Seyed M. Tabatabaei

Re-media-tion of Pardeh-Khani: Narrative Affordance of Scale in VR

This research revolves around two main questions; 1st. What are the medium-specificities of VR which could provide unique narrative instruments? 2nd. How could those elements benefit the revitalization of an Iranian traditional form of storytelling known as Pardeh-Khani (literally: reading off curtains/screens)?

Pardeh-Khani is a pictorial form of Naqqali (dramatic storytelling) which was overshadowed by the advent of cinema in Iran during the 1900s. (img.1)

Image.1 - Naqqali. | Naqqali is becoming entirely extinct and in 2008 it was inscribed on UNESCO's list of intangible heritage in need of urgent safeguarding. Retrieved from

Pardeh-Khani mainly relies on the 2D-framed illustrations and it encompasses spatial, interactive and linear narratives at once. The framelessness of the VR, its spatiality and all the characteristics that it borrows from the prior digital mediums makes it an effective host for the adaptation of Pardeh-Khani. The embodied perception of the cartesian coordinate system is where the medium-specificity of VR is investigated in this research. Particularly, study of the narrative possibilities that manipulation of scale and proportions allows in VR is the main objective of the research.

Reviewing a variety of literature about the notion of immersion and experiencing a wide range of VR contents were the very first steps taken which resulted in a framework which shaped the initial experimentation with the scale in VR. (img.2)
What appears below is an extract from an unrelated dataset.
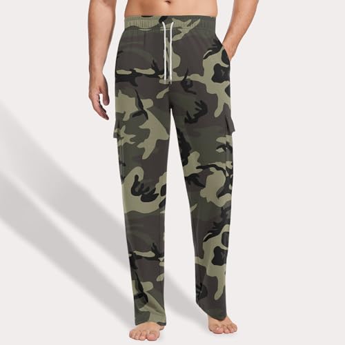 HOT ! Sweatpants for Men Lightweight Baggy Stretch Drawstring Elastic Waist Casual Pants Camouflage Trousers with Pocket

Image.2 | Scoping the Scale | Three small projects were done based upon the three pillars of the framework; 1st one explores the visceral effects of walking inside a Solar System gallery to scale. 2nd one focuses on the playful aspect of scale by inviting the players to enter multiple gates which either scale their sizes up or shrink them down. 3rd one examines the affective effects of encountering a 3D character in three different scales resembling the cinematic shot-framing language.

Exploration of different facets of the Iraninan traditional culture was the other phase of the research, conducted in three main avenues; architecture of Qahveh-Khaneh (traditional coffee houses) where the performance of Pardeh-Khani used to take place, 2nd. types and semiotics of Pardeh (illustrated curtains) and 3rd. characters and stories of Shahnameh (Book of Kings) which was a main source of narrative reference for Pardeh-Khani. Several graphs were drafted in order to visualize the connections between components of these categories and narrative layers stem from the notion of scale.(img.3)

Image.3 - Joining the Cultural and Narrative Goals | The main purpose of drafting the graphs was to bridge the cultural and narrative layers of the whole experience.

Dominance of the spatiality in this room-scale VR project heightened the significance of the architectural decisions. The goal was not only to replicate the typical features of a Qahveh-Khaneh but also to come up with a space that could afford a playful/narrative use of embodied transformations and scale in particular. Relativity (M.C. Escer, 1953) became the key inspiration for designing a labyrinthine architecture that well satisfied those requirements. Different navigational mechanics were designed at this stage and examined in multiple playtest sessions. (img.4,5)

Image.4 - Labyrinthine Qahveh-Khaneh  | The resulting museum-like space hosts various sizes of Pardeh and thus it brings about an interactive embodiment of scale along the navigation. Image.5 - Navigational Structure. Rules/restrictions applied were to make the spatial navigation smooth and meaningful and also mitigate the limitations of the physical room.

To bring a temporal structure, causality and intention to the experience, the story of Haft-Khan (seven labours of Rostam) was chosen from Shahnameh. It consists of a clear sequence of plots which could easily be translated into a spatial composition that guides the viewer throughout the journey. It is also full of human/non-human characters of various epic sizes and hence it supports the examination of the scale’s dramatic functions in VR. (img.6)

Image.6 - 2D/3D Artworks  | seven 2D artworks (Pardeh) illustrating the seven parts of Haft-Khan were scattered around the space. After interacting with each artwork visitor is awarded with a 3D artwork which portrays the key shot of the completed 2D Pardeh.

Image.7 - Exhibition Strategy: a) project poster [2D print 1], b) contextualizing information about Pardeh-Khani [screen 1], c) 2DArtworks/CharacterSheet/Haft-Khan synopsis & timeline [2D print 2] , d) graphs/documentations/snapshots [screen 2] e) 3D architecture [plywood maquette], f) 3DArtwork [3D print], g) process & final iteration [VR HMD1,2], h) VR real-time mirror [projector], i) VR-ready machines (PC 1,2)

Image.8 - Maquette  |  Making the physical model of the virtual space supports the idea of a research-exhibition by providing a gap for conversation before and after the VR experience. It also helps smoothing out the transition between physical and virtual by integrating the waiting time into the experience.